After the Bell: Beans Rally as Meal Leads Higher; Grains Close Lower

Posted on 12/05/2019 3:19 PM

Corn: Corn futures finished with losses of 1 1/4 to 2 1/4 cents and on session lows for the March through December 2020 contracts. The December 2019 contract that is in delivery closed 3 1/4 cents lower. Corn futures were unable to pull support from strength in the soybean and soymeal markets today. Weakness in the wheat market added pressure to corn. Traders were disappointed by this morning’s weekly export sales tally, which totaled just 546,100 MT, which was down 32% from the previous week and 18% from the prior four-week average. But considering corn’s export struggles and the fact it was a holiday week, the performance wasn’t as poor as traders believed. Still, it’s going to take a strong rebound in corn export demand to entice bulls. At a minimum, export demand must be strong enough to signal prices are “low enough.” That hasn’t happened yet.

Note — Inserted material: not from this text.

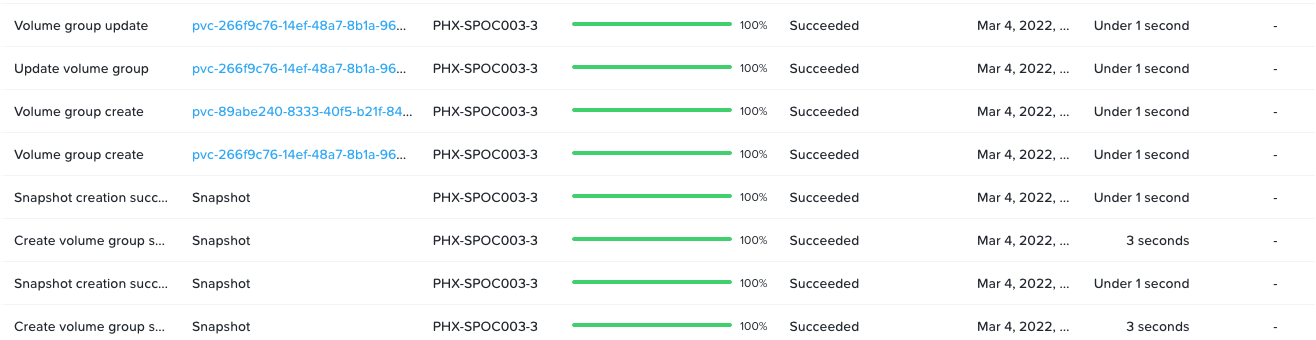 You can go to Prism Central > Tasks to see snapshots tasks requested by Kasten

Soybeans: Soybean futures enjoyed followthrough buying today, with the charts looking like futures could be working on a v-bottom reversal. Futures settled 5 ¼ to 6 ¾ cents higher in old-crop contracts, which was in the upper half of their daily trading range but off session highs. A surge in soymeal futures helped push soybeans higher. Soyoil finished steady to marginally higher. Soybean futures have bounced off Monday’s low, amid ideas the downside has overdone with the possibility of a South American weather threat and a U.S./China trade deal on traders’ minds.  Reports that a large Argentine crusher is having financial difficulties and had to liquidate existing short hedges in soymeal sent meal prices surging. The uncertainty of currency, export taxes and recent large cash purchases from growers have combined to create a financial problem for the crusher.   

Wheat: March SRW wheat futures lost 3 3/4 cents today at $5.23 3/4. March HRW wheat futures were down 5 cents today at $4.35 1/2. Spring wheat futures closed mostly 1 ¼ cents lower. The wheat market bulls have faded a bit this week after prices last week hit 3.5-month highs. Bulls want to focus on the tightening global supply situation and rising global wheat prices that have made U.S. wheat slightly more competitive on the world market. However, weekly U.S. wheat export sales fell to 228,100 metric ton (MT), down 45% from the prior four-week average. Shipments fell to a marketing year low, pressuring futures prices today.  

Cotton: Cotton futures closed narrowly mixed with most contracts finishing lower and near session lows. March cotton fell 19 points to close at 64.51 cents. Prices tried to rally today on optimism China and U.S. negotiators can find a path to making a deal before the next round of U.S. tariffs are slapped on Chinese imports on Dec. 15. Prices slipped back into the red by the close as U.S. export sales slowed during the Thanksgiving-shortened trading week. USDA reported net sales of 163,700 bales sold for export last week, down 36% from the prior four-week average.  

Hogs: December lean hogs closed down $0.30 at $61.575 today, while February futures fell $0.85 at $67.575. The hog futures bulls just cannot get on track despite some positive underlying fundamentals in the market at present. Cash hog bids rose an average of 71 cents nationally on Wednesday. The pork cutout value Thursday rose by $3.09, led by big gains in bellies. Movement was a moderate 149.82 loads. USDA this morning reported net pork sales of 30,600 MT in the week ended Nov. 28, up 20% from the prior week and 5% better than the four-week average. Mexico bought 10,900 MT and China purchased 10,300 MT. However, shipments slowed 22% from big exports the past four weeks. Also, for 2020, USDA reported net sales reductions of 1,400 MT after China cancelled 8,500 MT.

Cattle: Cattle futures closed mixed today. February live cattle rose $0.425 to $124.60 and January feeders were off $0.325 a $140.55. Wholesale beef cutout values were down again Thursday with Choice falling $1.11 and Select down $1.32. Sales at midday were moderately active. It looks like cash markets will be fully steady or better this week after rising $2 to $3 last week.  USDA’s weekly export sales report showed beef sales plunged to 500 MT for 2019 with 2020 sales limited at 11,700 MT. Shipments fell 27% below the prior four-week average. Packer competition this week is rising as packers seek to replenish inventory. Cattle inventory gets burned up fast with a kill pace this big in December, increasing the fear about winter storms in January causing some hiccups in supplies when supplies will tighten.